_Data extract_
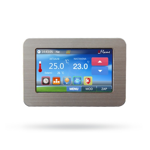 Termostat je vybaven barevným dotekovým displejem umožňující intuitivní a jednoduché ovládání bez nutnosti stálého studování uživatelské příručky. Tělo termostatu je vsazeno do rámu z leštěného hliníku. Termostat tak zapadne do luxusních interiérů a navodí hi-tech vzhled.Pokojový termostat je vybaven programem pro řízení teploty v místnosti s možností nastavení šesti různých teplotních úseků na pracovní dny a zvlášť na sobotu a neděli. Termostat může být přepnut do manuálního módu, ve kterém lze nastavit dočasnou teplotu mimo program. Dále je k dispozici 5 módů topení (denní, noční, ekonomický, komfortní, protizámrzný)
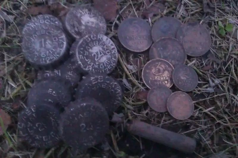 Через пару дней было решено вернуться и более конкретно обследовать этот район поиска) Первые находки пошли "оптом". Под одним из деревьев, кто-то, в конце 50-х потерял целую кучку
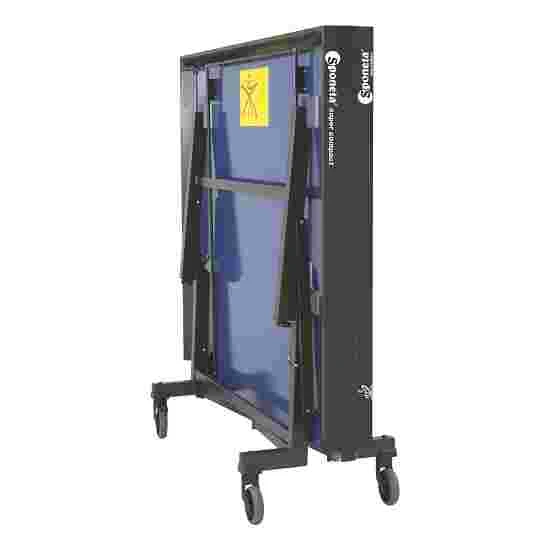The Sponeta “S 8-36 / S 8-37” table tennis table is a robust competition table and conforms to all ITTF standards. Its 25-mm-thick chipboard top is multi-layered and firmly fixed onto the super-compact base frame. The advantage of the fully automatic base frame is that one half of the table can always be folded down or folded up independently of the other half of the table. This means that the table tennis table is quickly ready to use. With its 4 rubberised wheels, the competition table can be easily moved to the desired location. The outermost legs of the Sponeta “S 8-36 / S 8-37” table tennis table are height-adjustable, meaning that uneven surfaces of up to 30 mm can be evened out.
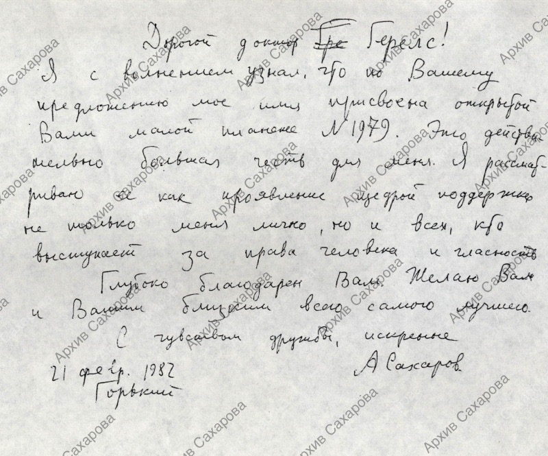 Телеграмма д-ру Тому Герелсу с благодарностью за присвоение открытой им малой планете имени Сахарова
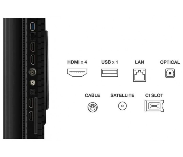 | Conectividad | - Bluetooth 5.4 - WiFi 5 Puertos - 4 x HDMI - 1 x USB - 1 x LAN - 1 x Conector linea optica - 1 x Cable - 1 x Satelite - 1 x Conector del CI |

---

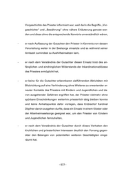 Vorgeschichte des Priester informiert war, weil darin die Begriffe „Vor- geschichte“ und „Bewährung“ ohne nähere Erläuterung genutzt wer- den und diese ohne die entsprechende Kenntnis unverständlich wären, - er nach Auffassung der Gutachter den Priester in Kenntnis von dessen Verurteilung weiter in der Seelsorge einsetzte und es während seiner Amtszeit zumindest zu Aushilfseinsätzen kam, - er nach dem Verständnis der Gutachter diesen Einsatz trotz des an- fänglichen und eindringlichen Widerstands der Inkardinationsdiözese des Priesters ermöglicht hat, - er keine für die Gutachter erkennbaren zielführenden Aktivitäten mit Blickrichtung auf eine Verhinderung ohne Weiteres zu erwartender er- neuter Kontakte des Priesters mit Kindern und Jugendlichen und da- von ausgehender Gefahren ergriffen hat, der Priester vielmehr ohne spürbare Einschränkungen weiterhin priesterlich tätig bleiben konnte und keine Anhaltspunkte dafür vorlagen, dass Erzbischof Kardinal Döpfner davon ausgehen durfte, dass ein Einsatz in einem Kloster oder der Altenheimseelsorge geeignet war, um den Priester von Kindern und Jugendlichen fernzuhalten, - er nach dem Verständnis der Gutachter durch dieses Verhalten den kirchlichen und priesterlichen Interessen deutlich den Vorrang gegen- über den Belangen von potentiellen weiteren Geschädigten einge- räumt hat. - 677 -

* * *

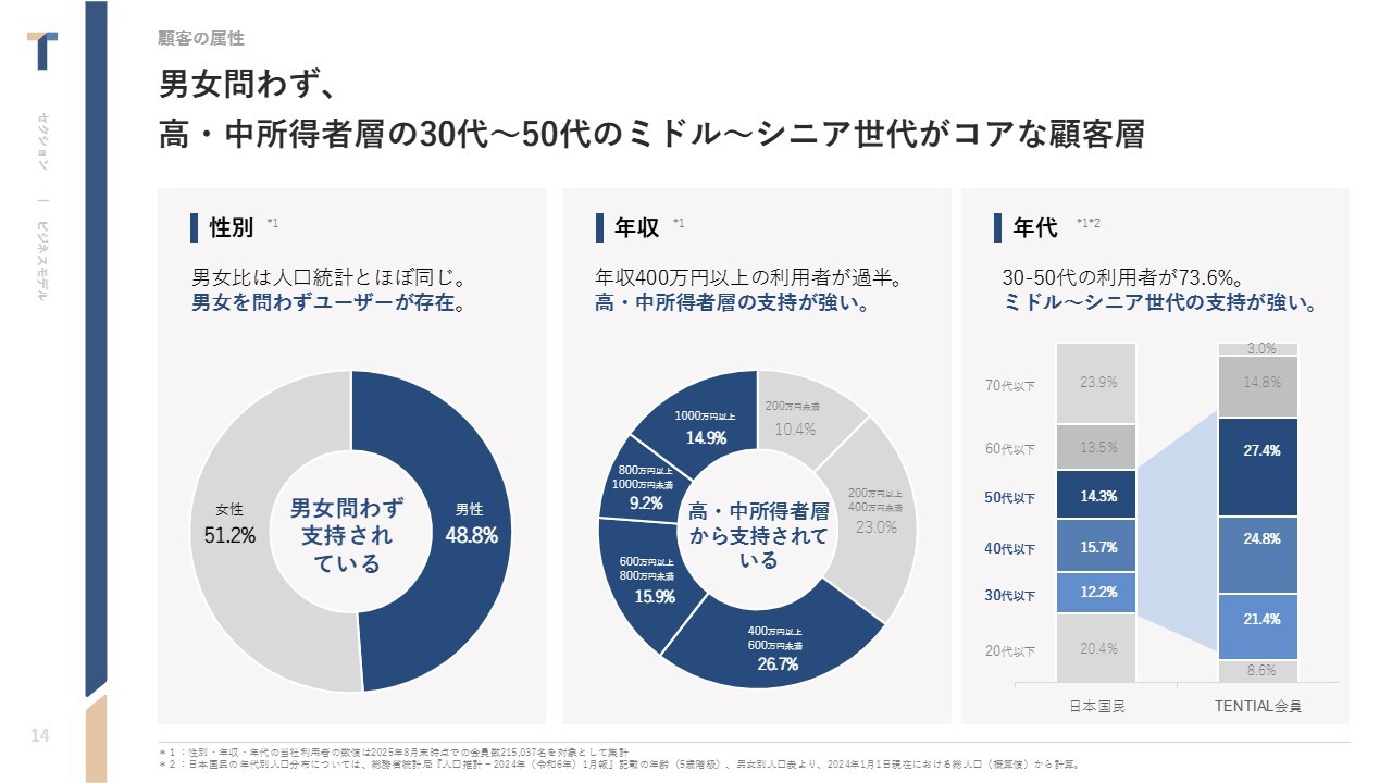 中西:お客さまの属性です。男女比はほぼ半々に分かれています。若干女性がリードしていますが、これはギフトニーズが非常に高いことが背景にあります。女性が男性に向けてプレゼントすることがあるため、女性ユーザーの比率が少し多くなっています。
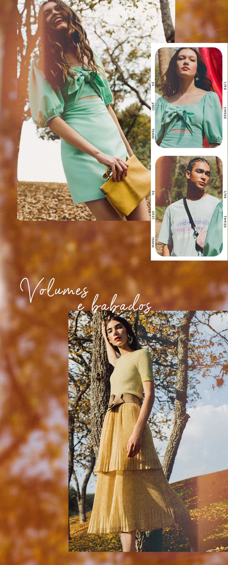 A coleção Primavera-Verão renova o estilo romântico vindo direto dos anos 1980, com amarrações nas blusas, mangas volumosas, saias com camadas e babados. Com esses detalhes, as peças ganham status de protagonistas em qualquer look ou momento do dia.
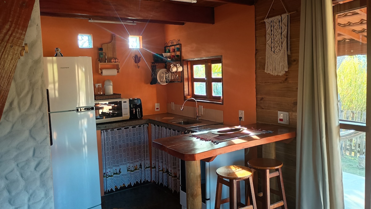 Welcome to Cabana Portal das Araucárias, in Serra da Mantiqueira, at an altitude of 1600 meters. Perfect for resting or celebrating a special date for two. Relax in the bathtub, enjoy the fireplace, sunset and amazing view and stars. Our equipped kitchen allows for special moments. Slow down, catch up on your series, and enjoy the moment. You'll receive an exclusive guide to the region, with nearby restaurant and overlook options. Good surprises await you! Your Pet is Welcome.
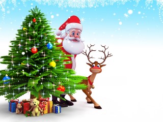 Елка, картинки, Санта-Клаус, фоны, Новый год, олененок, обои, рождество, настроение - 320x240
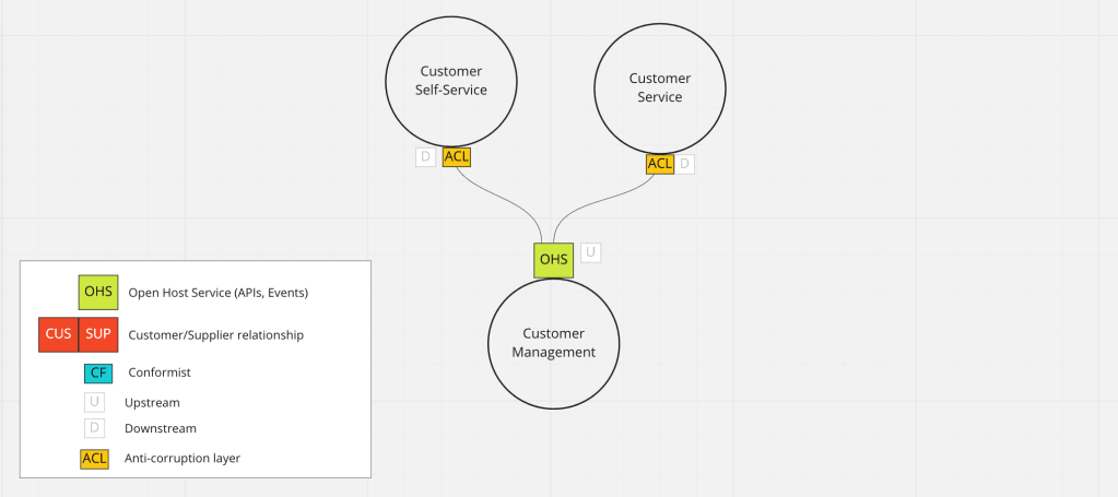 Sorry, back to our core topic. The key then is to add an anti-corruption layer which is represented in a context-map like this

_What the task requires_
What is wanted is an exact copy of the lines above from the one containing "Termostat je vybaven barevným" through the one containing "Через пару дней", with no pictures in it.

_Written answer_
 Termostat je vybaven barevným dotekovým displejem umožňující intuitivní a jednoduché ovládání bez nutnosti stálého studování uživatelské příručky. Tělo termostatu je vsazeno do rámu z leštěného hliníku. Termostat tak zapadne do luxusních interiérů a navodí hi-tech vzhled.Pokojový termostat je vybaven programem pro řízení teploty v místnosti s možností nastavení šesti různých teplotních úseků na pracovní dny a zvlášť na sobotu a neděli. Termostat může být přepnut do manuálního módu, ve kterém lze nastavit dočasnou teplotu mimo program. Dále je k dispozici 5 módů topení (denní, noční, ekonomický, komfortní, protizámrzný)
 Через пару дней было решено вернуться и более конкретно обследовать этот район поиска) Первые находки пошли "оптом". Под одним из деревьев, кто-то, в конце 50-х потерял целую кучку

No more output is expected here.